Brief
Can you copy out the data exactly? Leave the images out.

Material provided

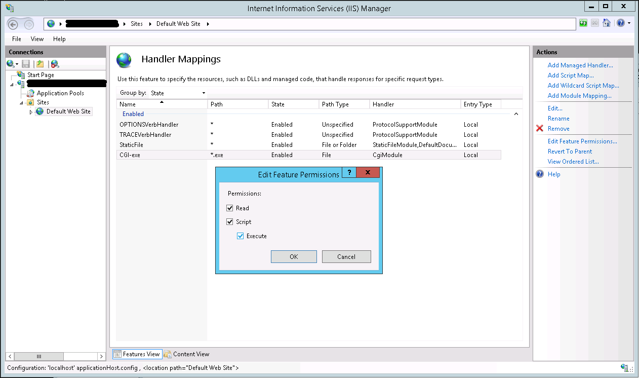 14. CGI-exe is disabled by default. Right click on CGI-exe and select "Edit Feature Permissions"
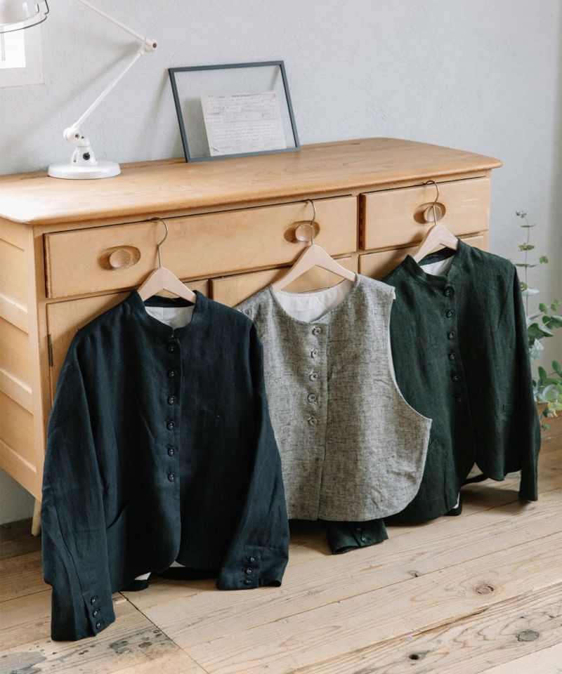 ・細かく並んだリネンくるみボタンや、斜めのボタンホールなどのディティールが制服のようにかちっと引き締めています。
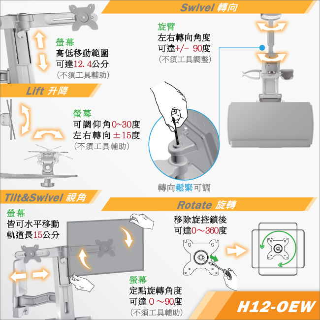 高低範圍 (垂直移動) 螢幕 : 高低差達12.4公分 自由調整
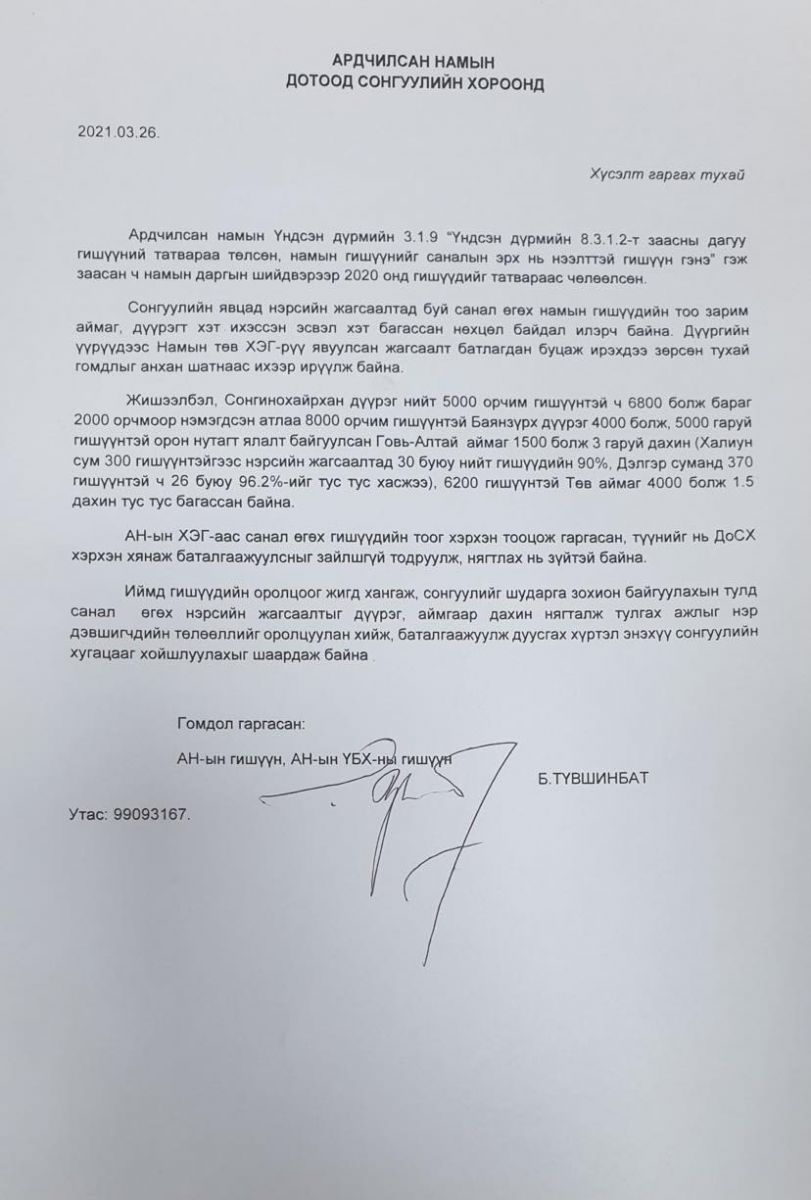 АН-ын гишүүн Б.Түвшинбат АН-ын Дотоод Сонгуулийн Хороонд хүсэлт гаргажээ. Хүсэлтийг бүрэн эхээр нь хүргэж байна.

Expected answer
 14. CGI-exe is disabled by default. Right click on CGI-exe and select "Edit Feature Permissions"
 ・細かく並んだリネンくるみボタンや、斜めのボタンホールなどのディティールが制服のようにかちっと引き締めています。
 高低範圍 (垂直移動) 螢幕 : 高低差達12.4公分 自由調整
 АН-ын гишүүн Б.Түвшинбат АН-ын Дотоод Сонгуулийн Хороонд хүсэлт гаргажээ. Хүсэлтийг бүрэн эхээр нь хүргэж байна.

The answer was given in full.